Harry clapped loudly with
the rest of Gryffindor house as Euan Abercrombie staggered to their table and
sat down, looking as though he would like very much to sink through the floor
and never be looked at again.
Slowly, the long line of first-years thinned.
In the pauses between the names and the Sorting Hat's decisions, Harry could
hear Ron’s stomach rumbling loudly. Finally, “Zeller, Rose” was Sorted into
Hufflepuff, and Professor McGonagall picked up the Hat and stool and marched
them away as Professor Dumbledore rose to his feet.
Whatever his recent
bitter feelings had been towards his Headmaster, Harry was somehow soothed to
see Dumbledore standing before them all. Between the absence of Hagrid and the
presence of those dragonish horses, he had felt that his return to Hogwarts, so
long anticipated, was full of unexpected surprises, like jarring notes in a
familiar song. But this, at least, was how it was supposed to be: their
Headmaster rising to greet them all before the start-of-term feast.
“To our
newcomers,” said Dumbledore in a ringing voice, his arms stretched wide and a
beaming smile on his lips, “welcome! To our old hands—welcome back! There is a
time for speech-making, but this is not it. Tuck in!”
There was an
appreciative laugh and an outbreak of applause as Dumbledore sat down neatly and
threw his long beard over his shoulder so as to keep it out of the way of his
plate—for food had appeared out of nowhere, so that the five long tables were
groaning under joints and pies and dishes of vegetables, bread and sauces and
flagons of pumpkin juice.
“Excellent,” said Ron, with a kind of groan of
longing, and he seized the nearest plate of chops and began piling them on to
his plate, watched wistfully by Nearly Headless Nick.
“What were you saying
before the Sorting?” Hermione asked the ghost. “About the Hat giving
warnings?”
“Oh, yes,” said Nick, who seemed glad of a reason to turn away
from Ron, who was now eating roast potatoes with almost indecent enthusiasm.
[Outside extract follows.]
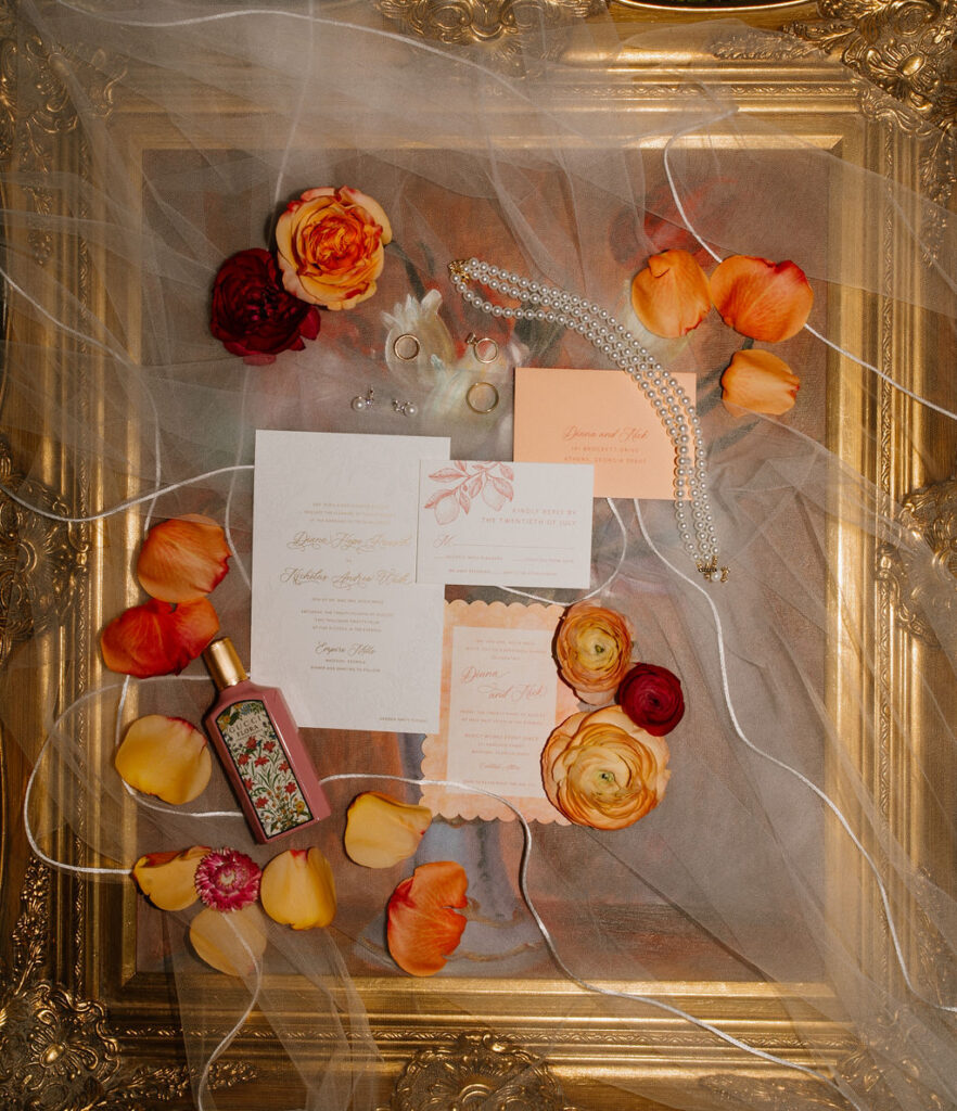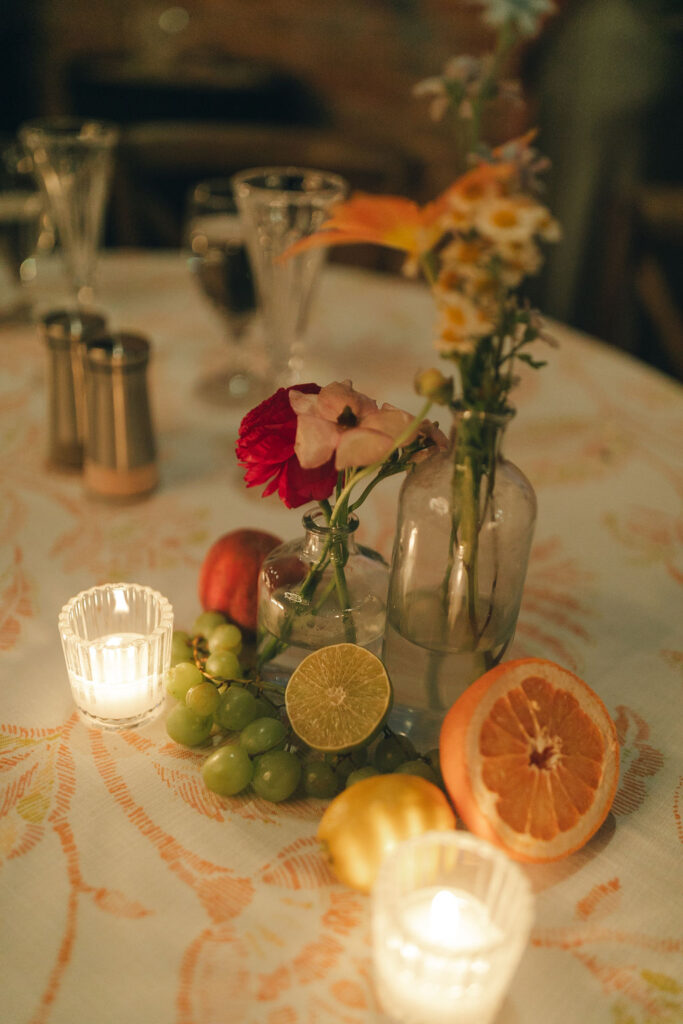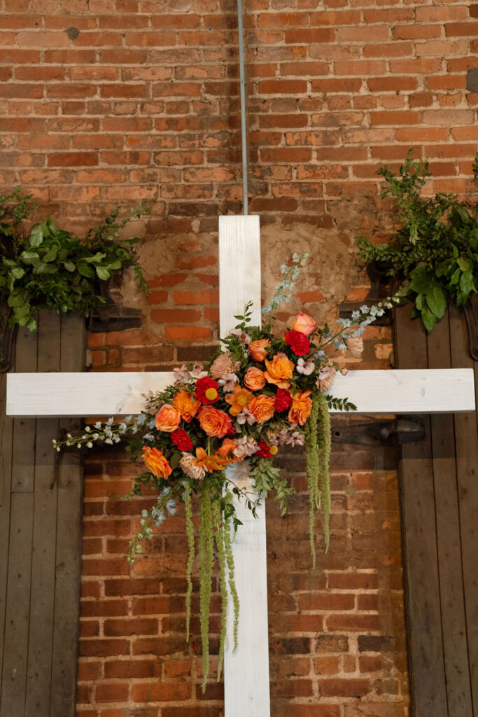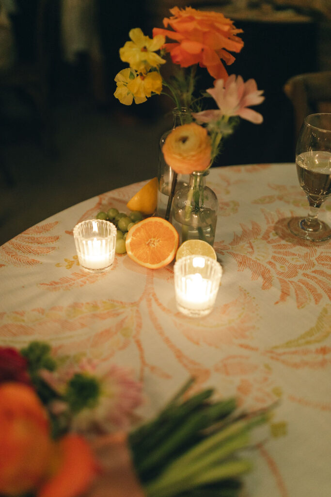 Diana and Nick wanted their wedding to feel colorful, citrusy, and whimsical, so we built their floral story around a palette of vibrant oranges, yellows, pinks, whites, and touches of blue. To give the palette depth, we softened the tones in certain areas, allowing each hue to shine without overpowering the others.

“Yes, I have heard the Hat give several warnings before, always at times when it
detects periods of great danger for the school. And always, of course, its
advice is the same: stand together, be strong from within.”
“Ow kunnit nofe
skusin danger ifzat?” said Ron.
His mouth was so full Harry thought it was
quite an achievement for him to make any noise at all.
“I beg your pardon?”
said Nearly Headless Nick politely, while Hermione looked revolted. Ron gave an
enormous swallow and said, “How can it know if the school's in danger if it's a
Hat?”
“I have no idea,” said Nearly Headless Nick. “Of course, it lives in
Dumbledore's office, so I daresay it picks things up there.”
“And it wants
all the houses to be friends?” said Harry, looking over at the Slytherin table,
where Draco Malfoy was holding court. “Fat chance.”
“Well, now, you shouldn't
take that attitude,” said Nick reprovingly. “Peaceful co-operation, that's the
key. We ghosts, though we belong to separate houses, maintain links of
friendship. In spite of the competitiveness between Gryffindor and Slytherin, I
would never dream of seeking an argument with the Bloody Baron.”
“Only
because you're terrified of him,” said Ron.
Nearly Headless Nick looked
highly affronted.
“Terrified? I hope I, Sir Nicholas de Mimsy-Porpington,
have never been guilty of cowardice in my life! The noble blood that runs in my
veins—”
“What blood?” asked Ron. “Surely you haven't still got -?”
“It’s a
figure of speech!” said Nearly Headless Nick, now so annoyed his head was
trembling ominously on his partially severed neck. “I assume I am still allowed
to enjoy the use of whichever words I like, even if the pleasures of eating and
drinking are denied me! But I am quite used to students poking fun at my death,
I assure you!”
“Nick, he wasn't really laughing at you!” said Hermione,
throwing a furious look at Ron.
Unfortunately, Ron's mouth was packed to
exploding point again and all he could manage was “Node iddum eentup sechew,”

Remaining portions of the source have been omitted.